Die Thematisierung und Aushandlung von Weiblichkeit erfolgt in Mamá, mamá, mamá formal und inhaltlich, explizit und implizit. Die Cousinen begleiten Cleo, jede auf ihre Art und Weise, durch die schwierige Zeit. Sie flechten sich Zöpfe, singen und tanzen zu Youtube-Videos, erzählen sich Geschichten und führen Cleo in ihre Geheimnisse und Rituale des Erwachsenwerdens ein. Diese Szenen sind im Detail und in blassen Farben aufgenommen und verschwimmen zu einer Art Polaroidaufnahme eines weiblichen Universums, in dem die gegenseitige Fürsorge das wichtigste ist. Der titelgebende Ruf nach der eigenen Mutter bleibt für Cleo jedoch lange unerwidert.

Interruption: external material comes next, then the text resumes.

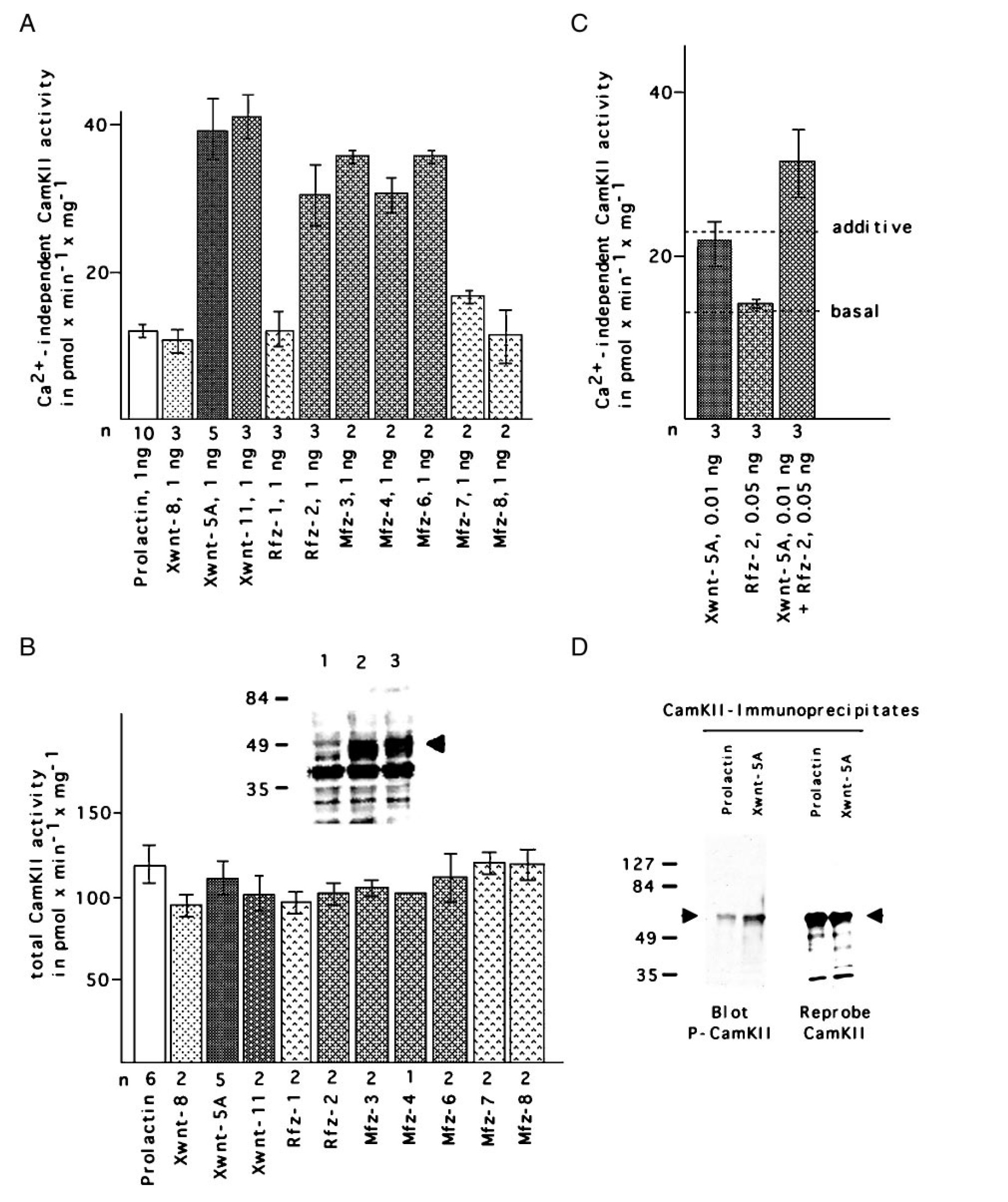 an anti-c-Myc monoclonal antibody, 9E10. Panel C, Xwnt-5A and Rfz-2 synergistically activate CamKII. Xenopus embryos were injected with low

Mit gerade einmal einer Stunde Laufzeit entwirft Mamá, mamá, mamá keine echte Handlung, stellt aber in interessanter Weise eine emotionale Ausnahmesituation dar. Gerade die jungen Schauspielerinnen fallen durch ihre herausragenden Leistungen auf. Fraglich ist, ob der Film, der im Berlinale-Jugendprogramm Generation Kplus läuft und ab 11 Jahren empfohlen ist, tatsächlich so geeignet für junge Menschen ist. Erstens fehlt vielleicht gerade diesen eine lineare Handlung. Zweitens dient das Innere des Wohnhauses zwar als weiblicher Schutzraum, das Außen wird aber in jeglicher Hinsicht als Gefahr und Ort der Angst konstruiert. Die Cousinen fangen an, sich gegenseitig Gruselgeschichten von verschwindenden Mädchen erzählen – zweifelsohne eine wichtige Thematisierung der Gewalt, die Frauen* in Argentinien täglich erfahren – in der Konsequenz wird leider nur implizit angedeutet, dass starke Frauen sich gemeinsam gegen diese strukturelle Gewalt wehren können – eine explizit empowernde Botschaft bleibt leider aus. Auch die Repräsentation doch recht stereotyper Formen von Weiblichkeit in der Erziehung der Mädchen passen nicht so ganz zu einem Projekt mit dem lobenswerten und wichtigen Vorhaben, sich explizit für Geschlechtergerechtigkeit im Film einzusetzen. Der erste Schritt dorthin, nämlich zusammenzuhalten und füreinander da zu sein, erhält im Film aber eine sehr wichtige Rolle. Und vielleicht ist genau das Pichon-Riviéres wichtigste Botschaft an junge Zuschauer*innen.